I have also verified that it works with the following environments

Python 3.6
Keras 2.2.4
tensorflow 1.14.0

shocora · 2020-10-29T14:06:29Z

thank you for reply. I matched the version but it doesn't work.
Is there any place to change the PATH other than lines 34,35 and 41,42 of train_v2.py?Also, is it okay if LOGS_PATH is empty at the time of the first learning?

tfukumori · 2020-10-29T23:31:07Z

When I first training it, it didn't matter if the LOGS_PATH folder (the default is yolo_logs) was empty.

I run the following command

python train_v2.py --yolo_train_file 2007_train.txt --yolo_val_file nano

2007_train.txt was created using voc_annotation.py, as described at https://github.com/qqwweee/keras-yolo3

To check the training results.

I run the following command

conda install tensorboard -y
tensorboard --logdir=<yolo_logs' full path> --host 0.0.0.0

In web browser, go to http://localhost:6006/

shocora · 2020-11-10T12:45:15Z

I'm sorry to reply late.When I wrote the above command as it is, I got the following error.
Also,What does nano specify?
"File "train_v2.py", line 89, in init
images_choose = [self.val_images[i] for i in np.random.randint(0, len(self.val_images), 50)]
AttributeError: 'Yolo' object has no attribute 'val_images'"

tfukumori · 2020-11-10T22:55:00Z

@shocora

"nano" specify

Specify "nano" if you do not specify a "verification" file or if it does not exist.

As you can see around the following lines of code, "train_v2.py" trains "training" and "validation" in a 9:1 ratio, regardless of the "validation" file is specified.

keras-yolo3/train_v2.py

Line 439 in f4a9c40

if not self.val_annotation_path == 'nano':

Why the error occurred

I think this is because the following lines of code were not executed because the folder for the temporary files was left undeleted in the event of an abnormal exit, for example.

keras-yolo3/train_v2.py

Line 82 in f4a9c40

self.train_data, self.val_data, self.val_images = self.read_txt_file()

Procedure before executing the command

Before executing the command, you must delete the temporary folder and move the resulting folder.

If a working folder (tmp_*) remains due to interruption, delete it.
If the results folder (yolo_logs) remains, delete, rename or move it.

shocora · 2020-11-11T03:15:56Z

@tfukumori
Thank you
I am able to start learning.
However, it stopped with the following error.

"""
549 [Yolo loss: 36.249851]
Testing ...
[Yolo testing loss: 38.217436981201175]
Evaluate mAP
2020-11-11 11:59:25.702287: E tensorflow/stream_executor/cuda/cuda_event.cc:29] Error polling for event status: failed to query event: CUDA_ERROR_LAUNCH_FAILED: unspecified launch failure
2020-11-11 11:59:25.702377: E tensorflow/stream_executor/cuda/cuda_driver.cc:1032] could not synchronize on CUDA context: CUDA_ERROR_LAUNCH_FAILED: unspecified launch failure ::
2020-11-11 11:59:25.702561: F tensorflow/core/common_runtime/gpu/gpu_event_mgr.cc:273] Unexpected Event status:
"""

Also,How can I adjust the value on the horizontal axis of training loss?

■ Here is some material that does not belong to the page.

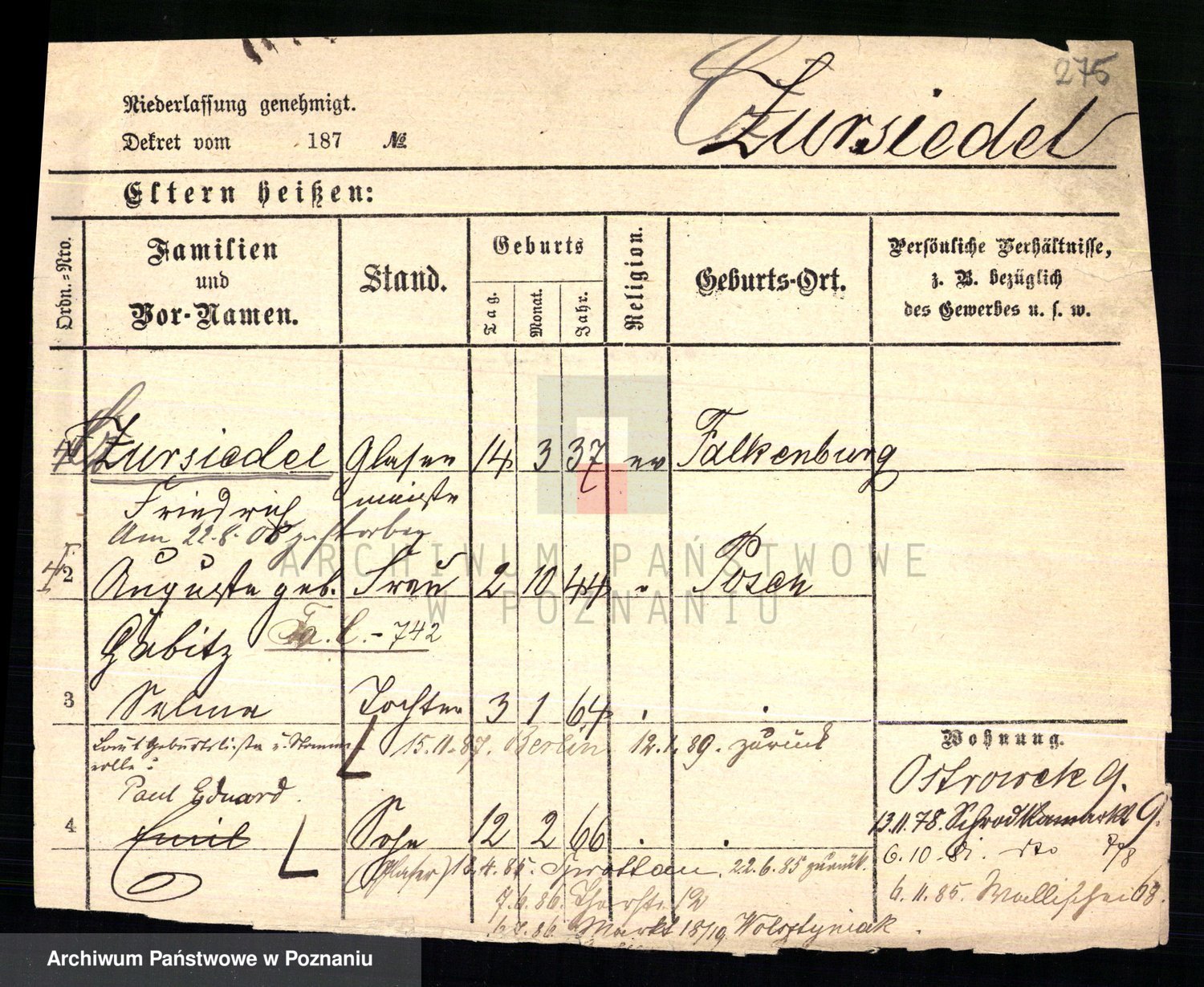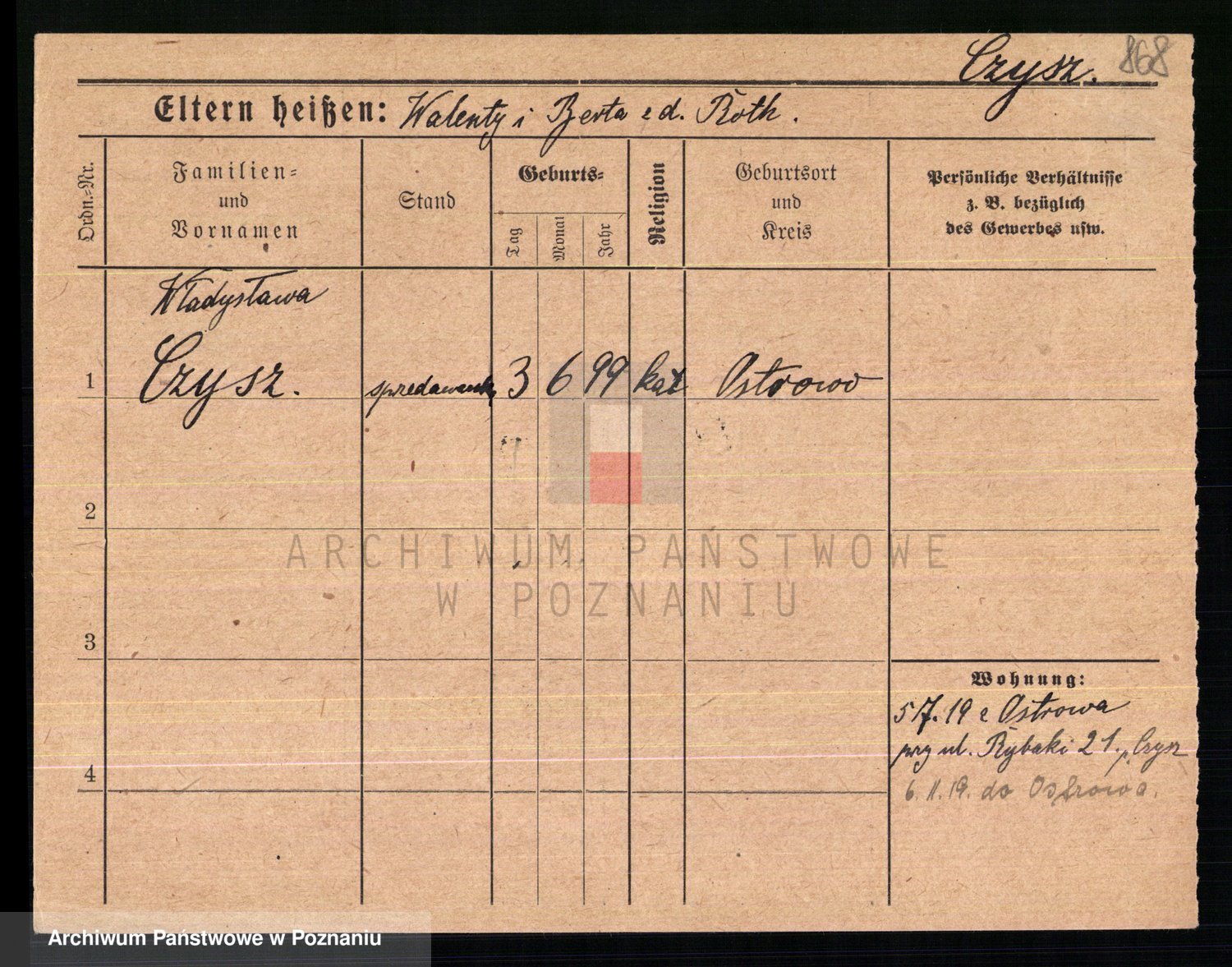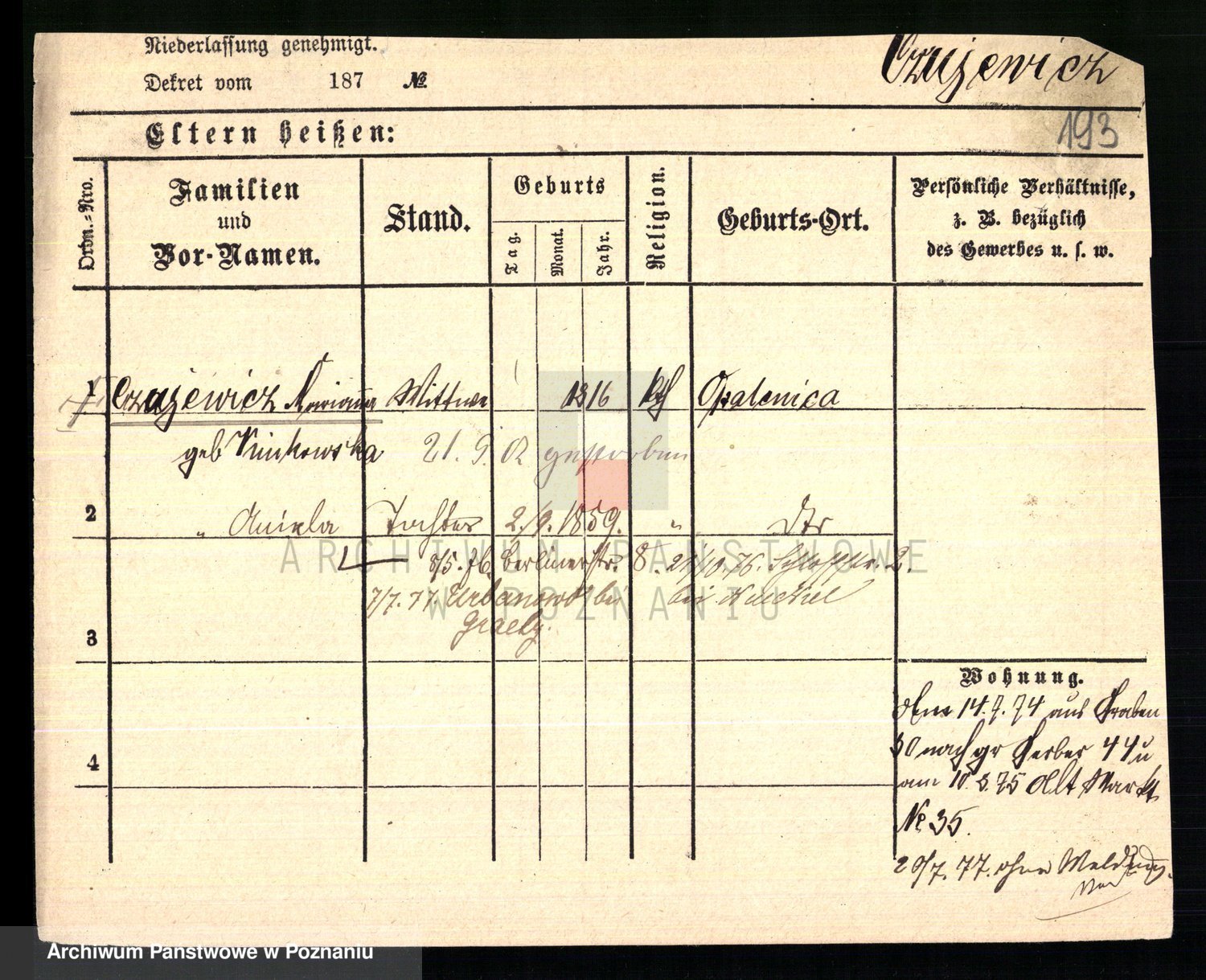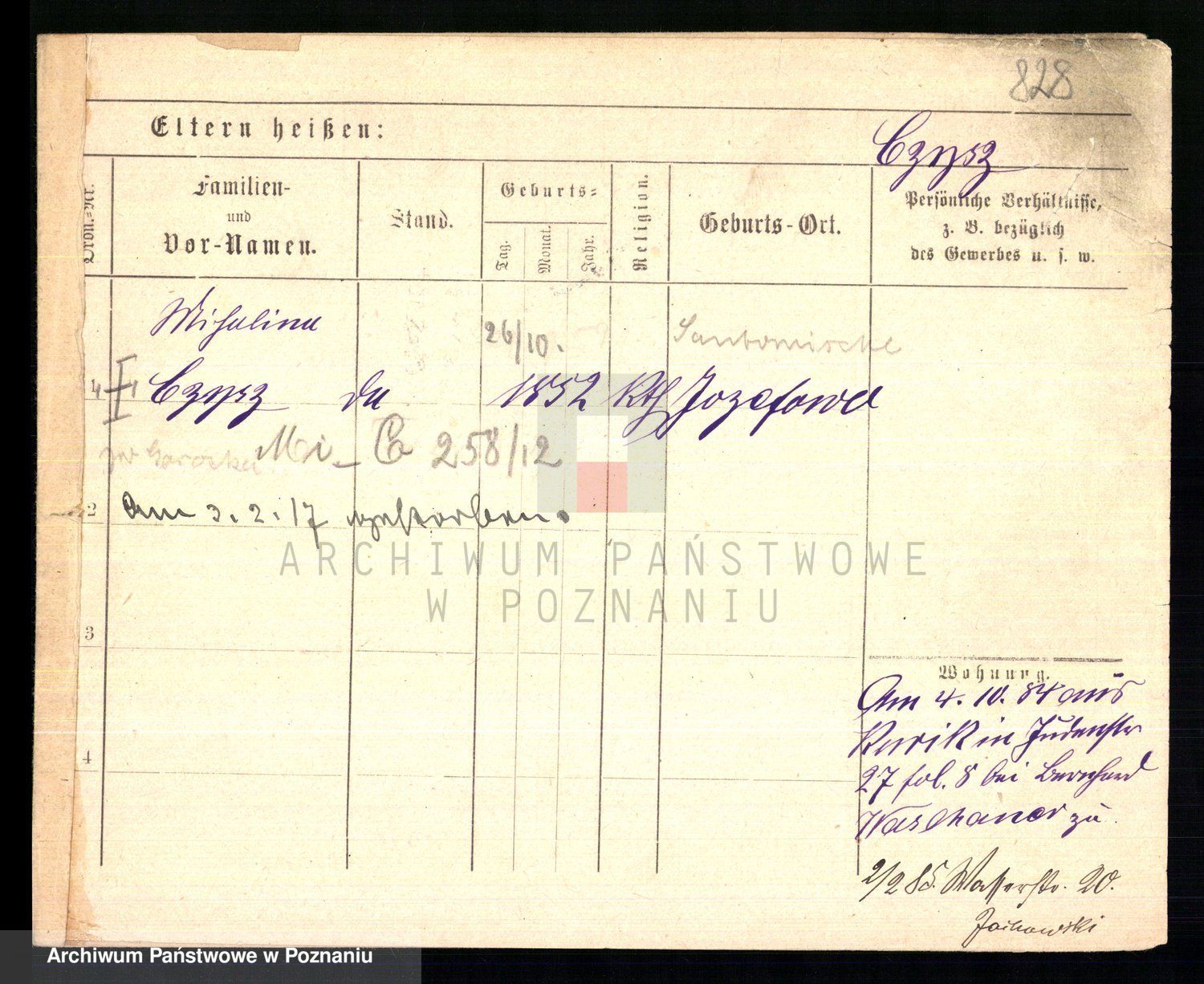 Czyżykowski z d. Bialecka I voto Swoboda Kaisertreu von, Wenzeslawa

tfukumori · 2020-11-11T03:53:22Z

"CUDA" error.

I'm not sure about the "CUDA" error.

From the error message, it is possible that the GPU is not powerful enough, but I'm not sure.

If it's due to a lack of GPU performance, then running it on the CPU or reducing the number of batches might solve the problem. (It's a trade-off for performance.)

https://jp.mathworks.com/matlabcentral/answers/427234-what-is-the-cause-of-cuda_error_launch_failed

Adjust the value on the horizontal axis of training loss

If you mean to change the settings of the graph, I don't know.

If you mean the number of epochs, then it seems to vary with the number of images and batches.

keras-yolo3/train_v2.py

Line 149 in f4a9c40

epoch = len(self.train_data) // self.step1_batch_size

keras-yolo3/train_v2.py

Line 199 in f4a9c40

epoch = len(self.train_data) // self.step2_batch_size

shocora · 2020-11-16T15:04:29Z

@tfukumori
I was able to finish learning in 3 days. Thanks.

Why is "tmp_pred_files" empty before and after learning?

Also, When running yolo.py in full HD, is it better to change the following numbers?

keras-yolo3/yolo.py

Line 28 in e6598d1

"model_image_size" : (416, 416),

shocora · 2020-11-30T11:21:14Z

I think mAP is usually between 0 and 1, but I get a value greater than or equal to 1.
I would appreciate it if you could tell me the cause.

tfukumori · 2020-12-08T08:27:52Z

I think mAP is usually between 0 and 1, but I get a value greater than or equal to 1.
I would appreciate it if you could tell me the cause.

Maybe that's because of the 100-fold, as you can see below.

``I don't know.
mAP * 100


https://github.com/qqwweee/keras-yolo3/blob/f4a9c40f4615cdbb774942507ecad3af5f05c990/train_v2.py#L419

shocora · 2020-12-08T14:02:34Z

Is it this number as a result of multiplying by 100?
Also, What is the standard for the mAP calculation method used here?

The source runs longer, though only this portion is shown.